By risk, the two principal components of that are investment duration and volatility of earnings.
We reduce those by looking at companies that have the characteristics that would correlate to being mid to late-stage tech companies rather than earlier stage tech companies. And then we select the companies and then we have to find the deal – which is the other thing.
This is not like the public equities market where I can do a test and just go out into the market and execute. It’s not automatic because you now have to figure out how to get into those companies. How do you acquire their shares? That is not easy. You either have to have a relationship with them and some of their lead finance team and get allocations to their primary equity rounds, or the other way that we do it is we go into the secondary market and again through relationships, we are able to gain access to shares.
How many companies and investors do you have on your platform at the moment?
We launched the platform in February 2020 and since then, we’ve made 42 investments thus far.
We recently broke through a threshold of 50,000 members worldwide using the platform and the active ones together have invested a total of over $125 million.
How do you plan to move towards a decentralised platform?
We are in the engineering development phase of that.
One of the lessons I learned from my prior experience was that you can build the best product in the world, but if you’re too early for market, you’re going to languish for a while until the market gets to the point where it can adopt the technology and use it productively.
We didn’t want to be in that position at Linqto. What we have done is built a product, put it out to market and made sure that in fact there was a ready market for it.
Now that we have more than 50,000 members, it is an appropriate time to migrate the platform to blockchain because we can now take advantage of the additional technological benefits of that decentralised technology without having to worry whether we actually have a product that’s real, that has a market that we can make money on.
We’re in the process of receiving a licence from the US regulators that will allow us to operate what is called an alternative trading system (ATS). It allows us to put on our platform the ability for our current investors to liquify and monetise their investments before the underlying companies in which they invest actually become public.

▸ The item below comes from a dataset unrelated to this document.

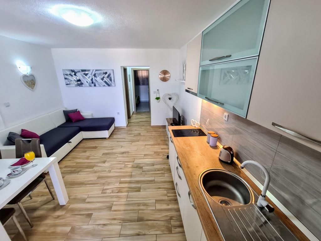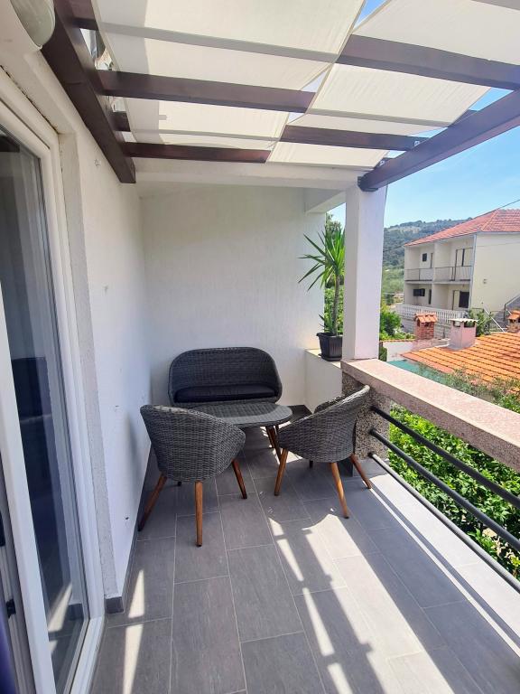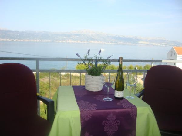 Appartementen Villa Palma in Slatine liggen op 15 m van de zee en alle appartementen hebben uitzicht op zee. De appartementen zijn comfortabel en voorzien van: airconditioning, sat/tv, wi-fi. Ze bevinden zich op een oppervlakte van 1000 m2. Voor het appartement bevindt zich een prachtig ingerichte tuin met barbecue waar u met mediterrane planten gezellig met vrienden kunt socialiseren. Ze bevinden zich op een ideale locatie, ze liggen op 300 m van het centrum en 15 m van de zee, zodat u in alle rust kunt genieten van de zee en de zon, en tegelijkertijd, als u een actievere vakantie wilt, in het centrum van de stad strandbars zijn, koffiebars, restaurants en sportterreinen. Gasten beschikken over parkeergelegenheid en een garage waar u uw spullen kunt achterlaten voor het strand. Ook aan de voorzijde heeft het appartement een tuin van 150 m2, die geschikt is voor kinderen om te spelen terwijl u naar de kinderen kijkt in de tuin vanaf het terras. De vriendelijke gastheren helpen u graag bij het organiseren van uw excursies, vis-picknick, het huren van een boot, fiets, scooter... en nog veel meer! Slatine is per boot verbonden met Split en Trogir meerdere keren per dag!
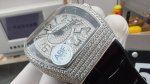 Perfect details, Abf, and the highest quality, the new Franck Muller Vanguard Yachting V45 series, 44x54 mm, has arrived. 1. The case is 100% original, featuring the sandwich construction. The blue side grooves on the inner center of the case and the protruding blue lugs on the crown further complicate the production process. After over 10 months and multiple initial revisions, the watch was finally successfully developed and manufactured. Made entirely of 316 stainless steel, rather than low-cost plastic molds, it's crafted from scratch. 2. This edition of the V45 Blue Yacht dial features genuine franc dies, with 1:1 ratios. The digits are concave, and the franc dies are expensive, complex, and have a low yield rate. The dial has a magnifying glass and gasket underneath, and the calendar window also uses a sapphire magnifying glass, ensuring compatibility with the original. 3. The watch features an ultra-curved, high-definition, and transparent sapphire crystal, constructed from a single 40x50 mm piece. The sapphire material, over 15mm thick, is 100% meticulously ground to the curvature of the case, resulting in a high scrap rate and extremely low yield rate. 4. The diamond-encrusted clasp uses the same diamond-encrusted pin buckle as the original V45 Gypsophila, making it more comfortable to wear and maximizing its authenticity. The plain case version uses a folding snap clasp, matching the original. 5. The bent hands align perfectly with the dial, paired with the high-frequency 28800 amplitude Eta 2824 movement for precise timekeeping and stable quality, and the curved case design fits snugly on the wrist. 6. The upgraded steel-tipped calendar and premium rubber strap are softer and more comfortable. This is the only strap on the market that can be used with the original V45 Blue Yacht. We welcome your appreciation.

For people like us, illiquidity can be an issue because life events can impinge on our investment decisions and maybe require us to have liquidity earlier than we thought. So the ability to turn around and liquify that investment without necessarily waiting for the IPO is supremely important, and we want to give them that right. And so this platform will do that.
While we intend to launch this platform in the coming months in fairly traditional form, meaning not on a blockchain, the idea is that we will eventually migrate to the blockchain, because what we’ll do is tokenise all the investment units that people currently hold and then effectively allow them to trade on a blockchain-based exchange.
What’s next in the pipeline for Linqto?
So far, we’re going to stay focused on private tech investing and simply grow the span of companies we’re invested in so that our members have a bigger and bigger menu to select from.
I think the other important development is about democratising the private space. We want to serve the small seller of private shares by making it simple, easy and affordable for them to transact on the buy side of our business. So, they can go on our app or our website, they can offer their $150,000 worth of shares and we will buy those shares off them.
What Linqto is ultimately hopefully going to be able to do is change the structure of private markets by enabling this huge mass of people to become a force through their capital in that market. They are not that today. We’re going to make them that.